SQL comments…a two-folded thing: Are we talking about comments inline in SQL? Or comments on a table or view in the database?

Why not both!?

In this page, we’ll unpack how to create both inline and database object-level comments, general best practices around SQL comments, and how dbt can help you improve (and version-control) your comments.

How to create SQL comments

Inline SQL comments will begin with two dashes (--) in front of them in a query or dbt model; any text following these dashes is therefore what you’d call “commented out.” For longer, multi-line comments, you’ll typically see this syntax /* your multi-line comment here */ used.

SQL comment example

/* these lines form a multi-line SQL comment; if it’s uncommented, 
it will make this query error out */
select
customer_id,
-- order_id, this row is commented out
order_date
from {{ ref ('orders') }}

In practice, you’ll likely see SQL comments at the beginning of complex code logic, to help future developers or even advanced business users understand what specific blocks of code are accomplishing. Other times, you’ll see comments like the code above, that are commenting out lines no longer needed (or in existence) for that query or model.

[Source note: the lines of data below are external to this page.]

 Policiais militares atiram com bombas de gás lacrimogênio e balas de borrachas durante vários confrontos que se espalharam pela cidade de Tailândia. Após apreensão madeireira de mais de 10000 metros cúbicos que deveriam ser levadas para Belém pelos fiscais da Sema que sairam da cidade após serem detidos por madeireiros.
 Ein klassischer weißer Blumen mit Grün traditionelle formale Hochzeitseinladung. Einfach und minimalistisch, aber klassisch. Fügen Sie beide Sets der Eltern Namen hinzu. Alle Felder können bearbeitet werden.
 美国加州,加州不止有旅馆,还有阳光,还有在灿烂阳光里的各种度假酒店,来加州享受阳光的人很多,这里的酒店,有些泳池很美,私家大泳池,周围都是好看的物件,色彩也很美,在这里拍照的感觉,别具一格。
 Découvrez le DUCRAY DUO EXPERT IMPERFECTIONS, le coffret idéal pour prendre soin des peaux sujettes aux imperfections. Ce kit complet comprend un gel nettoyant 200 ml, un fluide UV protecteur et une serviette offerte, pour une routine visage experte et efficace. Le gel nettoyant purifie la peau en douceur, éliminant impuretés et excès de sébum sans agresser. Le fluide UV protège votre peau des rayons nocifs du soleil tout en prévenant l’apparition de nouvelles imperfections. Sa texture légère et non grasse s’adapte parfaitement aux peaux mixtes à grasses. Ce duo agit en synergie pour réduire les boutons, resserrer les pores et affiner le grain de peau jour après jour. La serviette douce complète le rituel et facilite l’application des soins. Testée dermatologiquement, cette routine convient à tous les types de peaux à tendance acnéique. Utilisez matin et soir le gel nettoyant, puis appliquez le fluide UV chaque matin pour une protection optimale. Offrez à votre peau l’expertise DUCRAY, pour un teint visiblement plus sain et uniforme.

We’ll dive more into best practices around inline comments later on this page.

For comments on database objects, such as views and tables, there’s a different syntax to add these explicit comments:

comment on [database object type] <database object name> is 'comment text here';

These database object-level comments are more useful for adding additional context or metadata to these objects versus inline comments being useful for explaining code functionality. Alternatively, these table and view-level comments can be easily abstracted out and version-controlled using model descriptions in dbt and persisted in the objects using the persist_docs config in dbt.

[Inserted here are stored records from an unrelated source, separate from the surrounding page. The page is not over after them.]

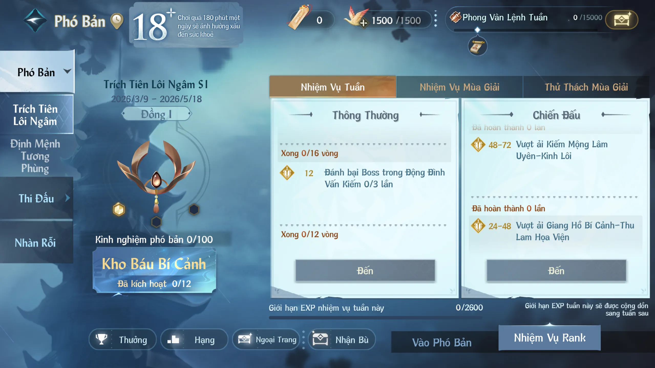 2) Rank Phó Bản thêm nhiệm vụ hàng tuần và nhiệm vụ mùa giải mới.
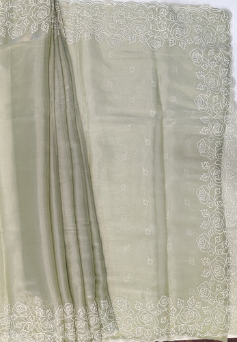 Designer Saree with Rice Stitch Embroidery on Crush Fabric-Light Green color
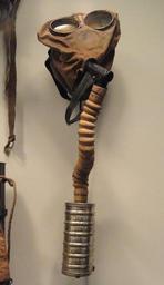 | Keywords: UK gas mask - National World War I Museum - Kansas City, MO - DSC07570.JPG Exhibit in the National World War I Museum at the Liberty Memorial 100 W 26th Street Kansas City Missouri USA Photography was permitted in the museum without restriction Daderot 2011-11-01 14 11 09 Daderot Gas masks in the National World War I Museum |

SQL comments in Snowflake, Databricks, BigQuery, and Redshift

Google BigQuery, Amazon Redshift, Snowflake, and Databricks all support the ability to add inline SQL comments. With the exception of BigQuery, these data warehouses also support native database object-level comments; BigQuery does, however, support native field-level descriptions.

SQL commenting best practices

In general, inline SQL comments should be used thoughtfully; another analytics engineer should be able to pair your comments with your code to clearly understand model functionality.

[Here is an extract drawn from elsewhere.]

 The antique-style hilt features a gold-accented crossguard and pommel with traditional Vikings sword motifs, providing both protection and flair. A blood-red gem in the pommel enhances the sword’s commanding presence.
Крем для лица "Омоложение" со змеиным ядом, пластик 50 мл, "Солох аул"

We recommend leveraging inline comments in the following situations:

  • Explain complex code logic that if you had to scratch your head at, someone else will have to scratch their head at
  • Explain niche, unique-to-your-business logic
  • Separate out field types (ex. Ids, booleans, strings, dates, numerics, and timestamps) in staging models to create more readable, organized, and formulaic models
  • Clearly label tech debt (-- [TODO]: TECH DEBT) in queries or models

If you find your inline SQL comments are getting out of control, less scannable and readable, that’s a sign to lean more heavily on dbt Docs and markdown files in your dbt project. dbt supports descriptions, which allow you to add robust model (or macro, source, snapshot, seed, and source) and column descriptions that will populate in hosted dbt Docs. For models or columns that need more thorough or customizable documentation, leverage doc blocks in markdown and YAML files to create more detailed explanations and comments.